In ending this blog, I return to the quick conversation I had with my acquaintance. She is now working within a non-governmental organization in which institutional and pre-institutional deservingness are more in line with each other. When I made this observation to her by saying “that sounds great”, she quickly replied that there were new challenges. On the one hand, she had to secure external financing from individuals and from the state that would allow them to carry out their services and, on the other, they faced a mammoth task of negotiating understandings of deservingness with people in need of so much and varying forms of support.

I wished her seasonal greetings and now wondering if Santa has been kind to her wishes.

References

Andersen, J. G. and Bjørklund, T. (1990) Structural changes and new cleavages: The progress parties in Denmark and Norway. Acta Sociologica, 33(1), pp. 195–217.
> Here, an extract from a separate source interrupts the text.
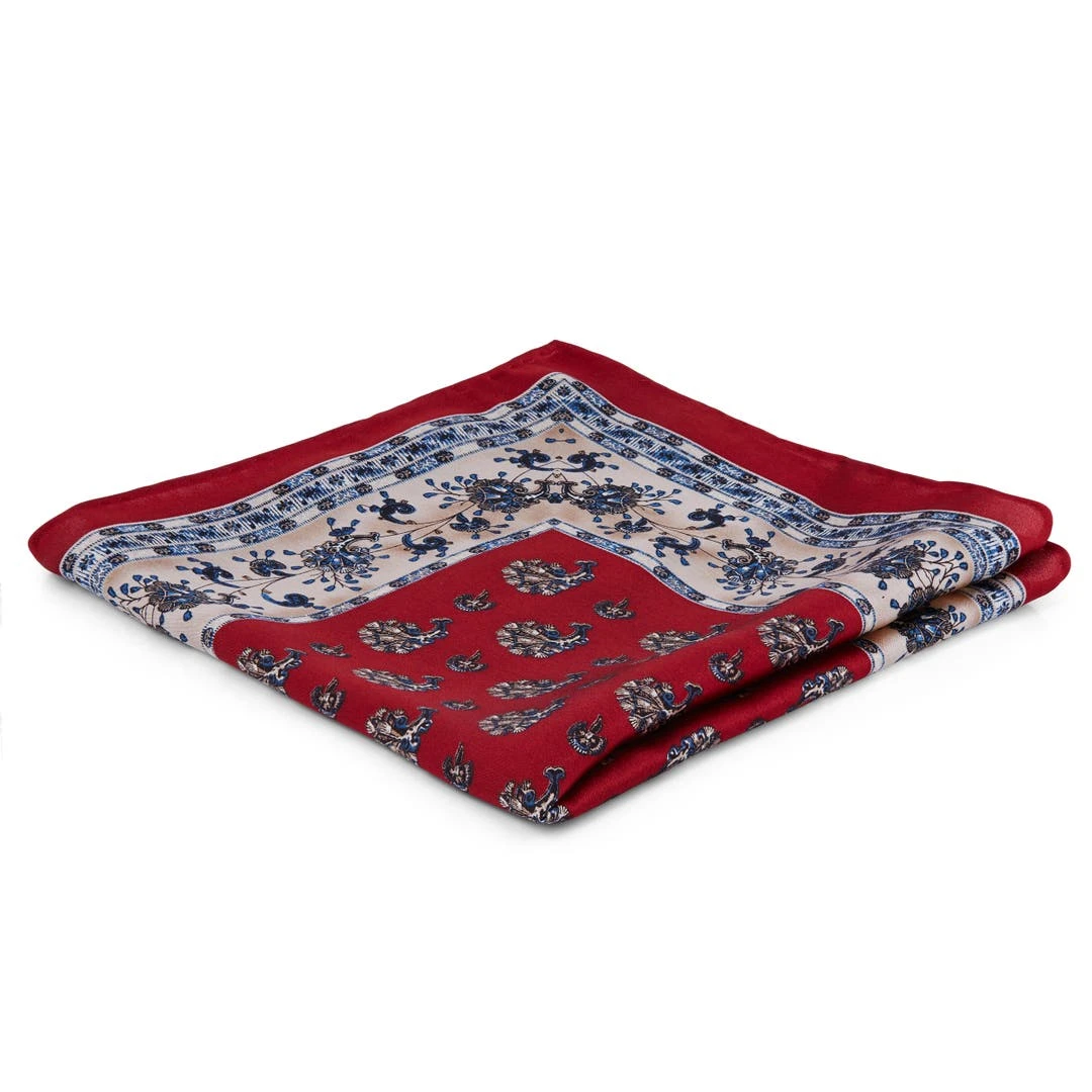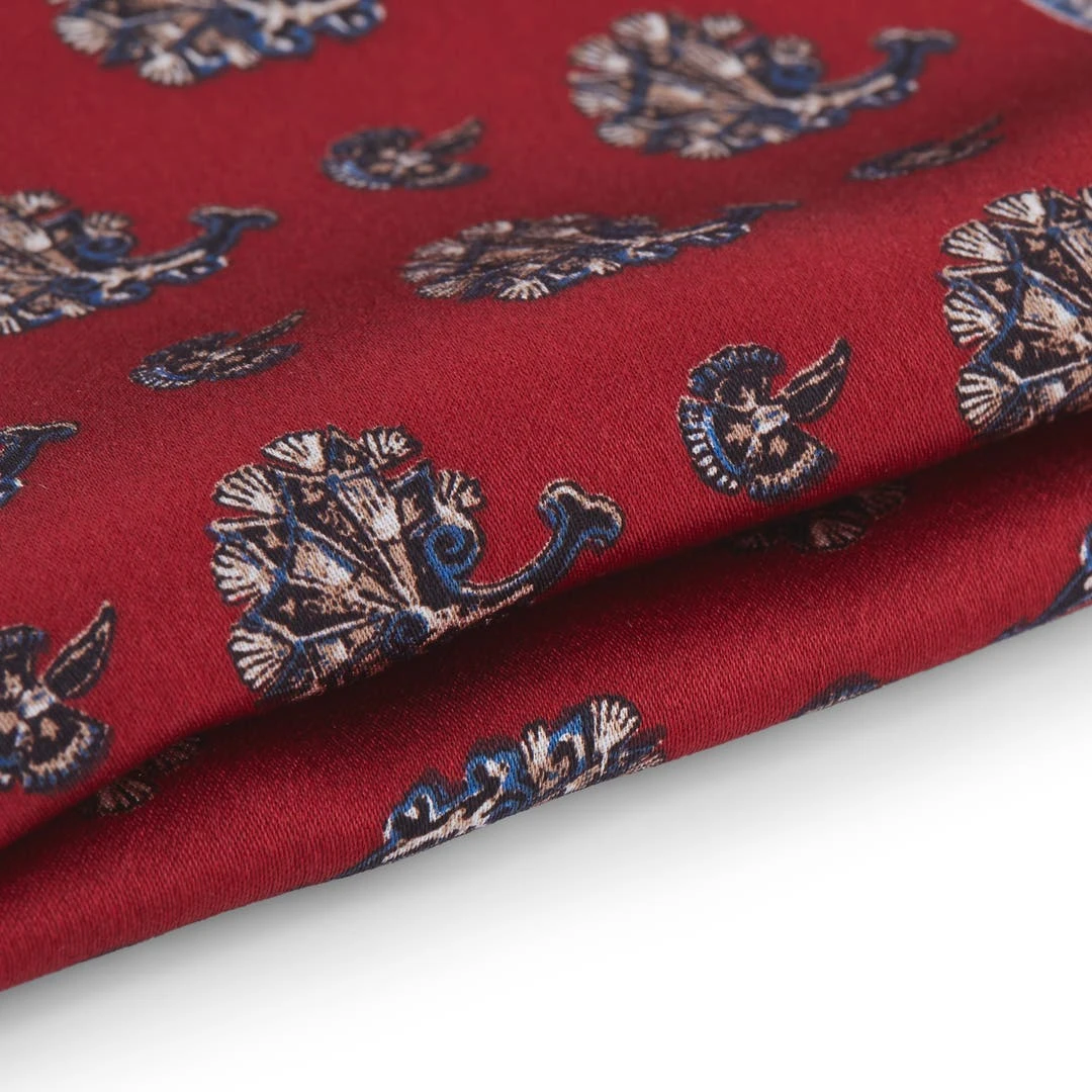 Ses tonalités de rouge, de bleu et de crème et ses motifs élaborés décorent une soie légère et aérienne qui sera facile à plier et replier, tout en restant très compacte – elle ne déformera donc pas la poche de votre veste. Les bords de cette pochette ont été cousus afin d’éviter qu’elle ne s’effiloche.

Berg, M. L., Gidley, B., & Krausova, A. (2019). Welfare micropublics and inequality: Urban super-diversity in a time of austerity. Ethnic and Racial Studies, 42(15), 2723-2742.

Duus-Otterström, G. (2007). Scheffler om förtjänst och retributiv och distributiv rättvisa. Tidskrift för politisk filosofi, 1, 19–40.

Evans, T. (2004). Street-Level Bureaucracy, Social Work and the (Exaggerated) Death of Discretion. British Journal of Social Work, 34(6), 871–895.

Levitas, R. (2005). The inclusive society? Social exclusion and new labour. New York, NY: Palgrave Macmillan.

Lipsky, M. (1980) Street-Level Bureaucracy: The Dilemmas of Individuals in Public Service, New York, Russell Sage Foundation.

Mulinari, D., & Neergaard, A. (2014). We are Sweden Democrats because we care for others: Exploring racisms in the Swedish extreme right. European Journal of Women’s Studies, 21(1), 43–56.

Rawls, J. (2000) A Theory of Justice, Oxford: Oxford University Press.